In some patients, it will become evident during the course of the operation that complete or adequate adhesiolysis is not possible or may risk vascular injury to a substantial segment of bowel because of the acute inflammatory nature or tenacity of the adhesions. This situation is especially common when celiotomy is deemed necessary or performed too soon after a previous intra-abdominal procedure (see the following section on early postoperative small bowel obstruction). This situation is especially common when the previous operation involved an extensive adhesiolysis. In such situations, it may be important to control any bowel injuries present, end any further dissection, and conclude the operation to prevent further bowel injury and its potential sequelae. This approach has been used by the senior author five times in 25 years of practice. This “conservative” approach may allow the acute inflammatory process to resolve or regress (often 3–6 months); should the obstruction not resolve by 6 months, the plan should be to reoperate at a time when the adhesions have matured, allowing a more controllable and much safer adhesiolysis. In some situations, the mature decision might be to provide proximal diversion with a proximal enterostomy if the obstruction has no chance for resolution (eg, due to malignancy or radiation) or if a more distal bowel repair is tenuous, or to place a tube gastrostomy for diversion and patient comfort. Pursuing a futile attempt to complete the adhesiolysis puts the patient at risk for serious bowel injury or devascularization injury necessitating resection of otherwise normal bowel with the risk of enterocutaneous fistulation or subsequent short bowel syndrome.
Over the last 100 years, multiple approaches have been employed in an attempt to prevent the formation of unwanted postoperative adhesions. These attempts include, among others, the use of cow cecum, shark peritoneum, sea snake venom, and fish bladder, as well as multiple fluids, mechanical barriers, and gels.81 The concept of separating injured surfaces mechanically to prevent adhesions is a very attractive one. The formation of fibrin bridges (and thus adhesions) may be preventable by separating injured surfaces in the postoperative interval during the critical period of healing and mesothelialization by application of an absorbable “biofilm.” Estimates of the minimum amount of time necessary for an impermeable or semipermeable barrier to prevent adhesion formation appear to be about 36 hours. Some authors have placed a Silastic sheet between two injured peritoneal surfaces; when left in place for 36 hours, no adhesions formed between these surfaces thereafter.17 Others have postulated that separating the surfaces at risk for the first 5–7 days until full mesothelialization occurs would seem to be most effective; however, the barrier should not incite its own inflammatory response and should not decrease fibrinolytic activity or suppress access to oxygen. The ideal product, therefore, should be bioabsorbable (preferably via a process such as hydrolysis), last only about 5–7 days, be easy to apply, be interposed between all injured surfaces, and not itself incite an inflammatory reaction.

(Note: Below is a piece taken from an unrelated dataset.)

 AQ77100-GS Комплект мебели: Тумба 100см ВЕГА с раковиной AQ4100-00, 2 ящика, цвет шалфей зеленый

The most effective method to date has been the application of a sheet of bioresorbable, hyaluronate membrane; this approach has been shown to decrease the formation of adhesions at the site of application.81,83 In addition, two recent systematic reviews have demonstrated that use of this product, indeed, decreases adhesion formation at the site of application.84,85 These reviews, however, both support the observation that use of a hyaluronate membrane application did not decrease the incidence of postoperative bowel obstruction nor did it decrease the need for operative intervention for intestinal obstruction. Furthermore, if the membrane is wrapped around an intestinal anastomosis, the leak rate is increased.

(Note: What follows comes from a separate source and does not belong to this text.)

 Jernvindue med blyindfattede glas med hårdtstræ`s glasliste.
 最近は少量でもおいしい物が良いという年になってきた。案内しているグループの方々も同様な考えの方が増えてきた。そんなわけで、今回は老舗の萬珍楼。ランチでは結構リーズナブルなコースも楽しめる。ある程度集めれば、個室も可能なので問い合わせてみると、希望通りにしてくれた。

Initial concerns that were raised over the safety of hyaluronate barriers appear unfounded, with the exception of iron cross-lined hyaluronate that was withdrawn from the market. A prospective, randomized, controlled trial showed that hyaluronate barriers did not increase the risk of intra-abdominal abscess or pulmonary embolism83; however, in a post-hoc subgroup analysis of 289 patients in whom the hyaluronate membrane was wrapped around a fresh anastomosis, the rates of leak, fistula formation, peritonitis, abscess, and sepsis were increased. Based on these studies and assumptions, the use of hyaluronate membranes in elective abdominal surgery does decrease the amount of postoperative adhesions at the site of application but does not decrease the incidence of intestinal obstruction or the need for future reoperation for obstruction. Use of these products requires careful consideration, because they are expensive and their clinical benefit appears to be relatively low.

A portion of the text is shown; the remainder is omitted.